Als unumstritten kann gelten, dass Kracauer in einer Zeit, in der Eindimensionalität und das Denken in geschlossenen Theorien die Regel waren, die Offenheit und Mehrdimensionalität der Perspektive in den Mittelpunkt seiner Überlegungen stellte. Er selbst verwendet den Begriff „Mosaik“ als Umschreibung für sein Wirklichkeitsverständnis. Sein Augenmerk liegt dabei auf den Individuen, denen er auch im Zeitalter hochkomplexer Industriegesellschaften noch die Möglichkeit zum Handeln und zur Initiative einräumt.

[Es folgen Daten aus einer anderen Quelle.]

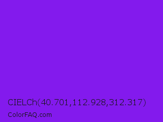 CIELCh 40.701,112.928,312.317 Color is a normal violet color and the nearest color is Blue Violet #8a2be2. Hex code #831aed and RGB value is rgb(131,26,237). In RGB color space, this color is composed of 51% red, 10% green, 93% blue, In CMYK color space, this color is composed of 45% cyan, 89% magenta, 0% yellow , 7% black , In HSL color space, this color has a hue angle of 270° , 85% saturation and 52% lightness.

Seine scharfe Kapitalismuskritik gewinnt gerade durch ihre Ideologiefreiheit an Gewicht. Kracauer war zudem der erste in Deutschland, der die Massenkultur und insbesondere den Film als Gegenstand soziologischer Untersuchungen entdeckte. Bemerkenswert ist in diesem Zusammenhang, dass er die moderne Massenkultur nicht im Sinne einer elitär-radikalen Kulturkritik pauschal verwirft; vielmehr schwingt in seinen Analysen immer auch Faszination und Verständnis für das menschliche Bedürfnis nach Zerstreuung mit. „Der Prozess der Aufklärung geht mitten durch das Massenornament hindurch“: Auch diese moderne Kultur hat für ihn ihr Recht und ihre Notwendigkeit.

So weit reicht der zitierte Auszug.